Your instructions ▸ Look below for the line that has "Ukupna visina 9,5"; output exactly from it through the line that has "接觸網導線是高鐵通電運行的關", and leave the pictures out.

Records provided ▸

- - -

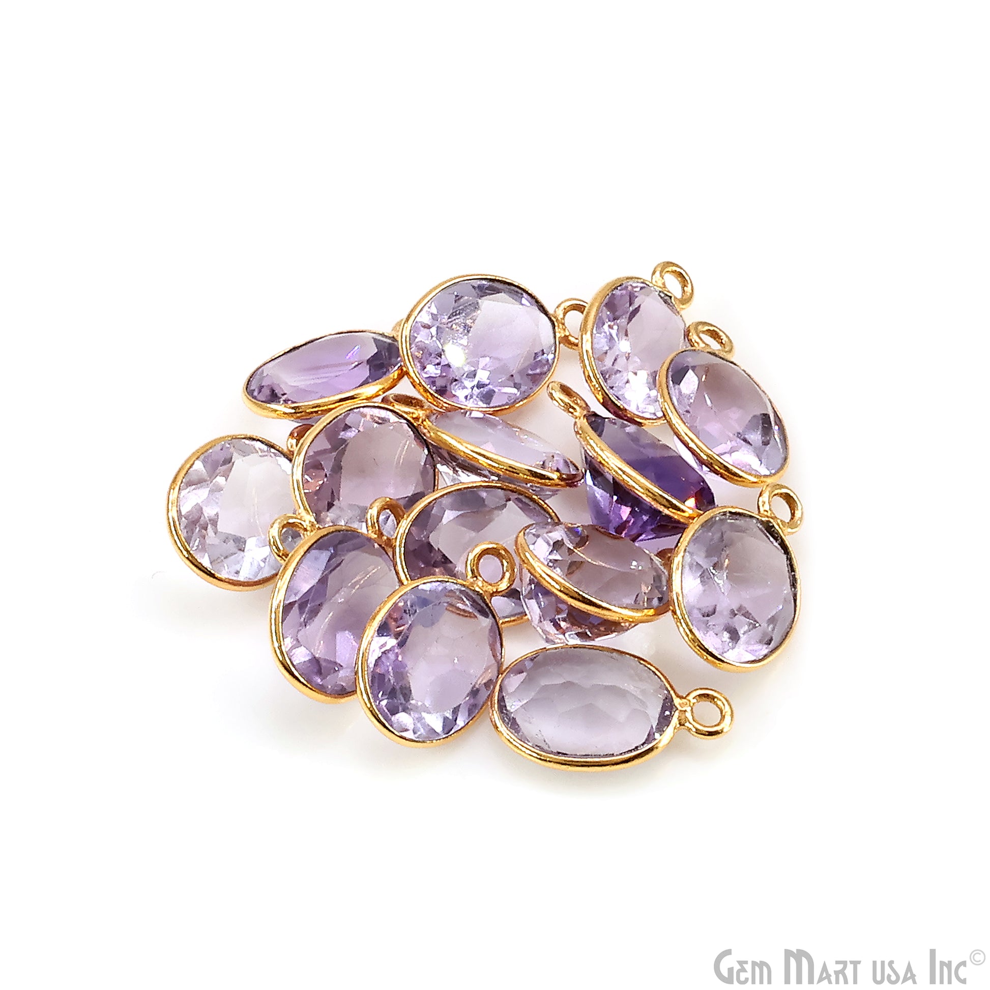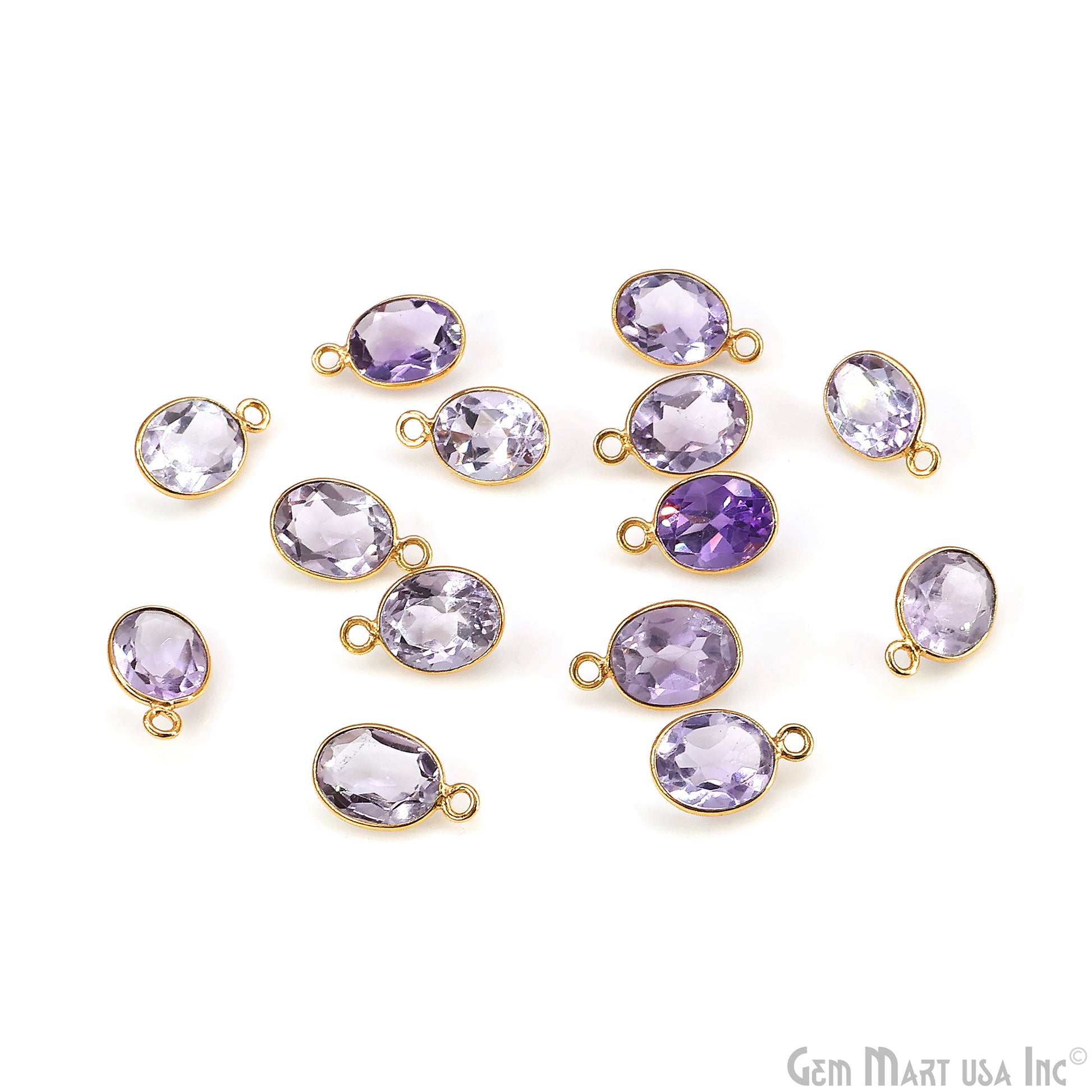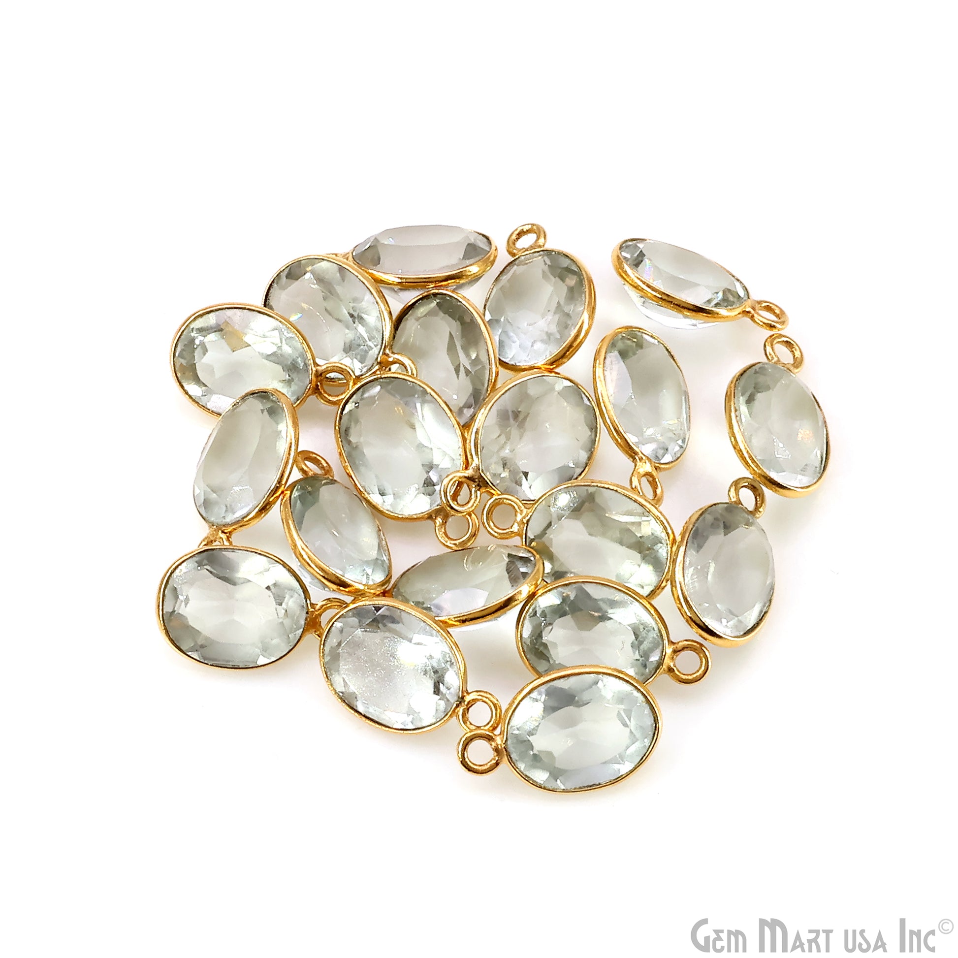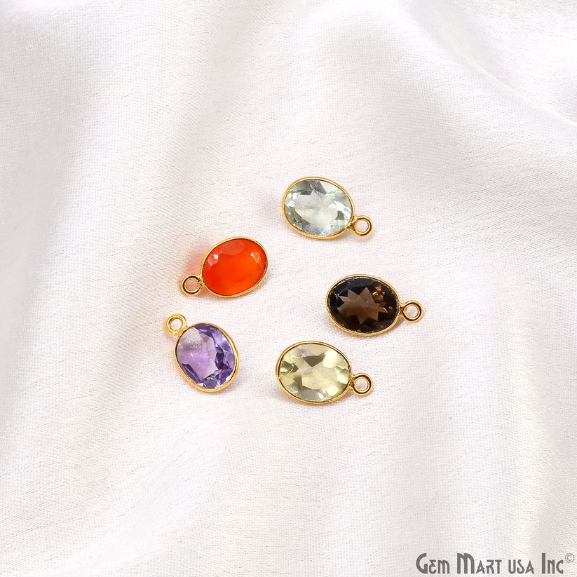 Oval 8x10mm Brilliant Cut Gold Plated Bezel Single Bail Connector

- - -

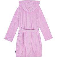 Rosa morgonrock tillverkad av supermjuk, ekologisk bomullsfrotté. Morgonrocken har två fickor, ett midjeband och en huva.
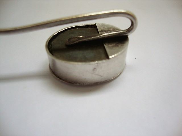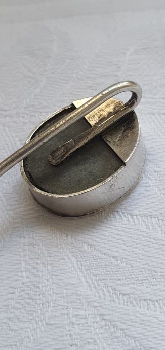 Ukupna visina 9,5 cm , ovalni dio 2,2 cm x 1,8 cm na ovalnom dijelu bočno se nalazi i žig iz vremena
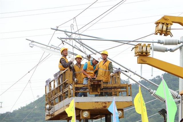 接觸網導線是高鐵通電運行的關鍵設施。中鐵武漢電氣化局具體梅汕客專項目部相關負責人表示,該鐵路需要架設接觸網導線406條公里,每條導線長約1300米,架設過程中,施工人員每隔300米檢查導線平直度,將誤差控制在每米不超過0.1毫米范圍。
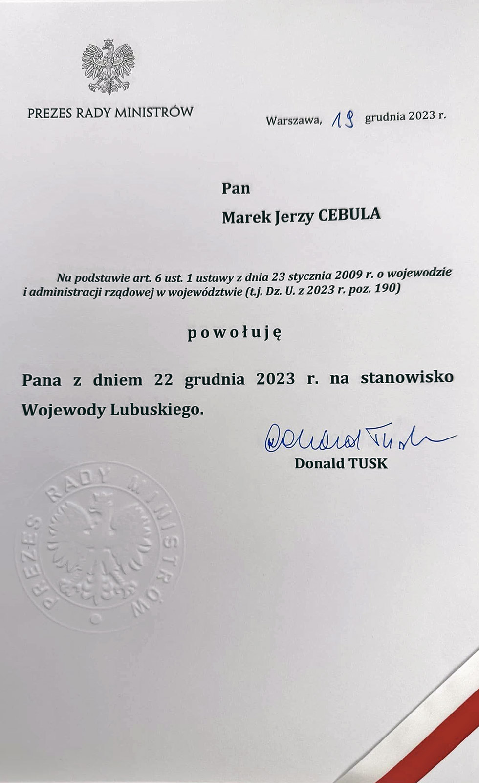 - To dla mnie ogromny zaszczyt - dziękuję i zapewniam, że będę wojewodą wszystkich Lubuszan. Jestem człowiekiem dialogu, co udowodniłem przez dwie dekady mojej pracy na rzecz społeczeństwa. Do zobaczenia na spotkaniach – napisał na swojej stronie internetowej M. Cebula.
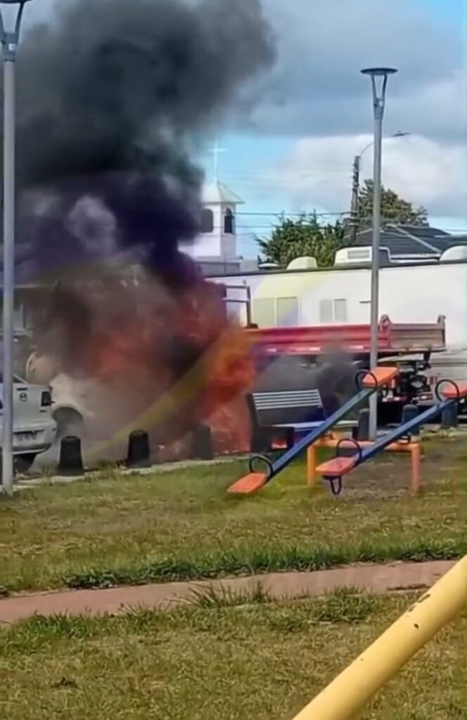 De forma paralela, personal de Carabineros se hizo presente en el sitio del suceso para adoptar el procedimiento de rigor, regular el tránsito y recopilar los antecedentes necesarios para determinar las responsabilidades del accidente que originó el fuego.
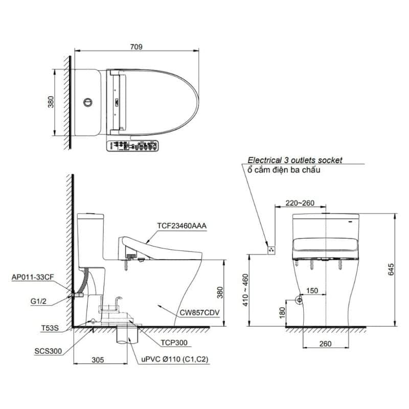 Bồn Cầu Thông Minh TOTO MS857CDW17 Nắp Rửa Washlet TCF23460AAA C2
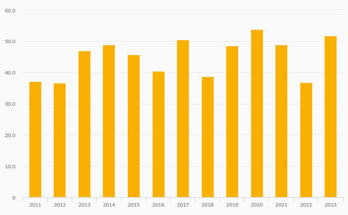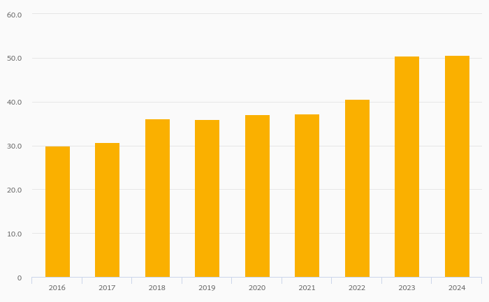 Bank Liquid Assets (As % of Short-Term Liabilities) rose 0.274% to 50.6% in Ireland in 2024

- - -

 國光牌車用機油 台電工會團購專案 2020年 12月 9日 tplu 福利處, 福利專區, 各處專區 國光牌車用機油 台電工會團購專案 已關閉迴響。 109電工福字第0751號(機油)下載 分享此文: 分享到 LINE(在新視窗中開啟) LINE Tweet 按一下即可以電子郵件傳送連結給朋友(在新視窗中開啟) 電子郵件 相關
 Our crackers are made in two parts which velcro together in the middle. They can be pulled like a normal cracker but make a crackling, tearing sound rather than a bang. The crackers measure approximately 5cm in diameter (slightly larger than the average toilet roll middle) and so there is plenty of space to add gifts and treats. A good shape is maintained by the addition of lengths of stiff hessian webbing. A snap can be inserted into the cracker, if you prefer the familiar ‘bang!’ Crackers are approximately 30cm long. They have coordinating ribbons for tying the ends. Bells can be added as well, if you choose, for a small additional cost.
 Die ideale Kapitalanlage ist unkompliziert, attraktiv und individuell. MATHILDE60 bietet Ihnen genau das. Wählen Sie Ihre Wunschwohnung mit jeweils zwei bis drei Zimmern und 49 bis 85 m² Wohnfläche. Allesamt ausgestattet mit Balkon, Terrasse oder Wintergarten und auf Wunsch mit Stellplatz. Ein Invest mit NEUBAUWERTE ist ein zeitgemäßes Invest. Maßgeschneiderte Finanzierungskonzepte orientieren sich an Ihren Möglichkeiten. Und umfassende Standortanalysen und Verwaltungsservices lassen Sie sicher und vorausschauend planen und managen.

- - -

Answer ▸
 Ukupna visina 9,5 cm , ovalni dio 2,2 cm x 1,8 cm na ovalnom dijelu bočno se nalazi i žig iz vremena
 接觸網導線是高鐵通電運行的關鍵設施。中鐵武漢電氣化局具體梅汕客專項目部相關負責人表示,該鐵路需要架設接觸網導線406條公里,每條導線長約1300米,架設過程中,施工人員每隔300米檢查導線平直度,將誤差控制在每米不超過0.1毫米范圍。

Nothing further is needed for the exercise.